Retail investors shrugged off the panic plaguing most of the world’s financial markets last week and poured more cash into municipal bond mutual funds.
Municipal funds that report their figures weekly posted a net inflow of $118.1 million during the week ended May 5, according to Lipper FMI. Among all funds, including those that only report once a month, the net inflow was $432.9 million.
Funds have reported an average of $250.3 million in inflows a week for the past four weeks, which is the slowest pace of inflows since January 2009.
Still, last week’s pace did not slow significantly despite massive selling across most global markets.

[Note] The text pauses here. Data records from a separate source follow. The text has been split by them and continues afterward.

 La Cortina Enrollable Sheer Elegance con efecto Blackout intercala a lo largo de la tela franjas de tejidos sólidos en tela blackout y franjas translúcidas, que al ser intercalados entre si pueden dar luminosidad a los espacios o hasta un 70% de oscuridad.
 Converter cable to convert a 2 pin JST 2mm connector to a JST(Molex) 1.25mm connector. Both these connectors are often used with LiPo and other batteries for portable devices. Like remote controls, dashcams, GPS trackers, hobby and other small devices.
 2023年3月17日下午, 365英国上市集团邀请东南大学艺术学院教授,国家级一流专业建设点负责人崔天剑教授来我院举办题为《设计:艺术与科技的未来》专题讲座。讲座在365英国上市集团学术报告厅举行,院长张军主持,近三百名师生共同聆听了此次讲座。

The Dow Jones industrial average sank 1.6% during the week measured in the latest Lipper report, which ended the day before Thursday’s wild tailspin.
The VIX, a measure of volatility published by the Chicago Board Options Exchange, on Thursday spiked above 40 for the first time since April 2009.

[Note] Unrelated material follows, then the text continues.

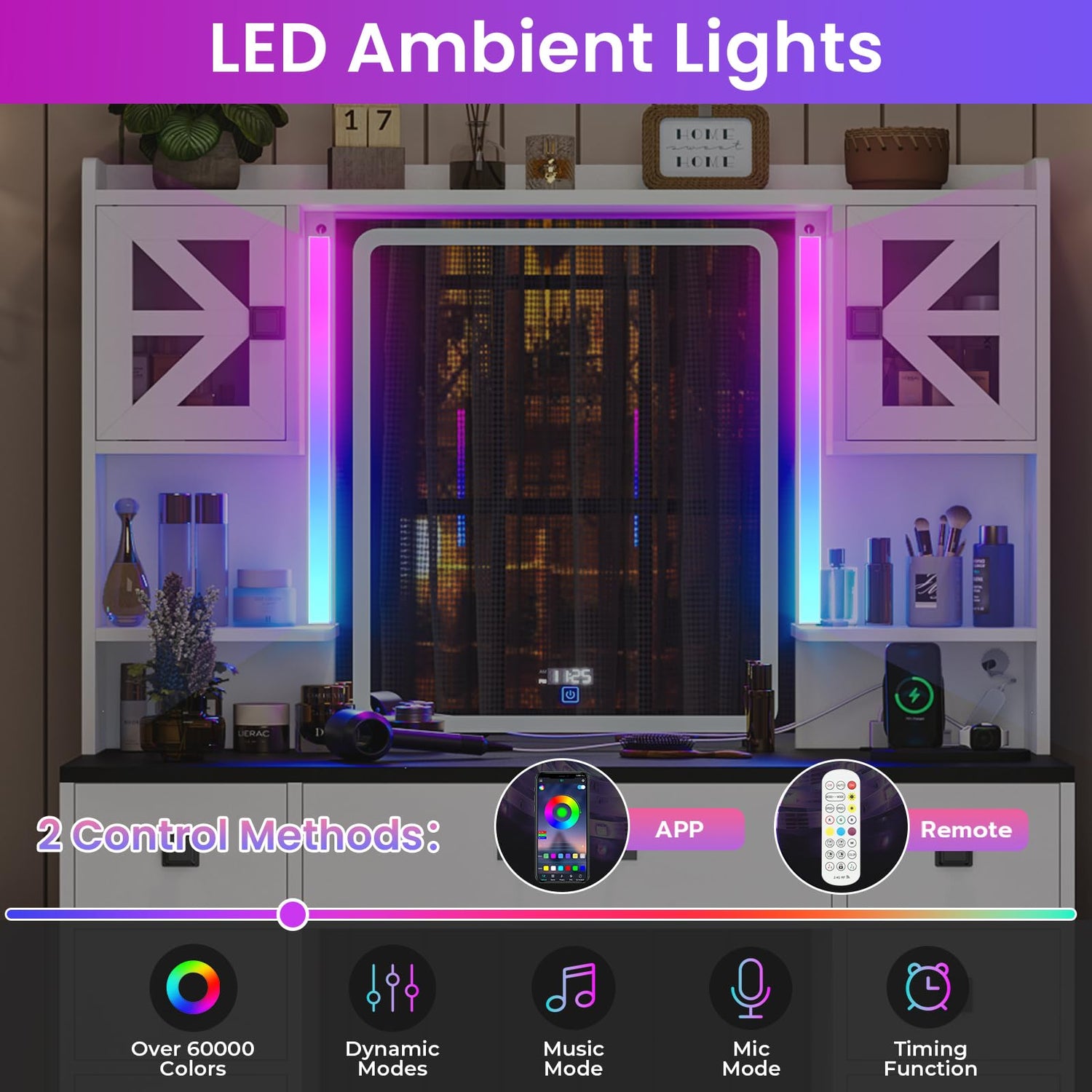 - 【Makeup Vanity with Ambient Light】There are 2 LED light tubes on both sides of the mirror, bringing you a great visual feast when you are relaxing and entertaining. These two atmosphere lights have 2 control methods: mobile APP, and remote control. There are more than 60,000 static light colors, a variety of dynamic light modes, music mode, microphone mode and timing function controlled by the mobile APP.

The yield on the 10-year Treasury bond plunged nearly 40 basis points in less than two weeks as jitters over Greek’s sovereign debt triggered a flight to safety.
Through all this the municipal market has kept an even keel.
On Thursday — a day in which 90% of stocks traded on the New York Stock Exchange fell — the biggest municipal bond exchange-traded fund, the iShares S&P AMT-Free National Fund, gained 4 cents to $103.94. It is off its all-time high by only 24 cents.
In fact, during the week ended May 5 municipal funds reported $2.21 billion in market gains, the best week in two months.
Coupled with the inflows, market gains have propelled the municipal fund industry to a record $490 billion in assets.